**PROBLEM TO SOLVE**
Restate word for word the lines of the records below, starting at the line that contains "A Vitalisztika Shilajit" and ending at the line that contains "Your go-to-place to", with both of those lines included and nothing else.
RECORDS SUPPLIED START
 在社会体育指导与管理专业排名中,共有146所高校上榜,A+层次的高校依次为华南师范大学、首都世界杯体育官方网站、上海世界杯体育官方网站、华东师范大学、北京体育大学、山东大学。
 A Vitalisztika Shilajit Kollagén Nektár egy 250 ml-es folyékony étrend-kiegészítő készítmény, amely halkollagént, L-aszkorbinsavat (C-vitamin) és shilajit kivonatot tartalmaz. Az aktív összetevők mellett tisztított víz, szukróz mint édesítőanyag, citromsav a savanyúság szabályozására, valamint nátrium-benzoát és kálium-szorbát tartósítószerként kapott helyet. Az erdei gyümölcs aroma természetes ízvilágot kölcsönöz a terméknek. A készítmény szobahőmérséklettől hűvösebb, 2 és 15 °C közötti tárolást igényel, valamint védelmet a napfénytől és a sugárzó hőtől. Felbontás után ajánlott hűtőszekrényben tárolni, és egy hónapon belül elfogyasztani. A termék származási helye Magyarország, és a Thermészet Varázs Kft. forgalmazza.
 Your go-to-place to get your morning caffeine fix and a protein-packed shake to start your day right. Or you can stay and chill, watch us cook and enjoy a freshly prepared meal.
RECORDS SUPPLIED END
RECORDS SUPPLIED START
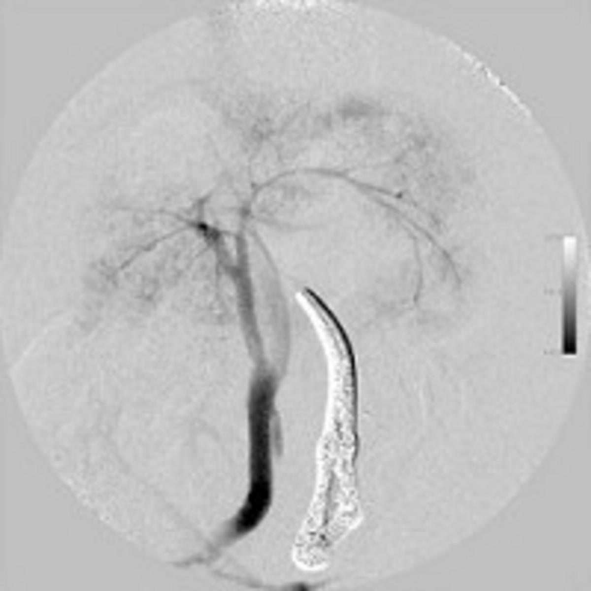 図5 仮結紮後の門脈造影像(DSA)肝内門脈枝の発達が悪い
RECORDS SUPPLIED END
**YOUR SOLUTION**
 A Vitalisztika Shilajit Kollagén Nektár egy 250 ml-es folyékony étrend-kiegészítő készítmény, amely halkollagént, L-aszkorbinsavat (C-vitamin) és shilajit kivonatot tartalmaz. Az aktív összetevők mellett tisztított víz, szukróz mint édesítőanyag, citromsav a savanyúság szabályozására, valamint nátrium-benzoát és kálium-szorbát tartósítószerként kapott helyet. Az erdei gyümölcs aroma természetes ízvilágot kölcsönöz a terméknek. A készítmény szobahőmérséklettől hűvösebb, 2 és 15 °C közötti tárolást igényel, valamint védelmet a napfénytől és a sugárzó hőtől. Felbontás után ajánlott hűtőszekrényben tárolni, és egy hónapon belül elfogyasztani. A termék származási helye Magyarország, és a Thermészet Varázs Kft. forgalmazza.
 Your go-to-place to get your morning caffeine fix and a protein-packed shake to start your day right. Or you can stay and chill, watch us cook and enjoy a freshly prepared meal.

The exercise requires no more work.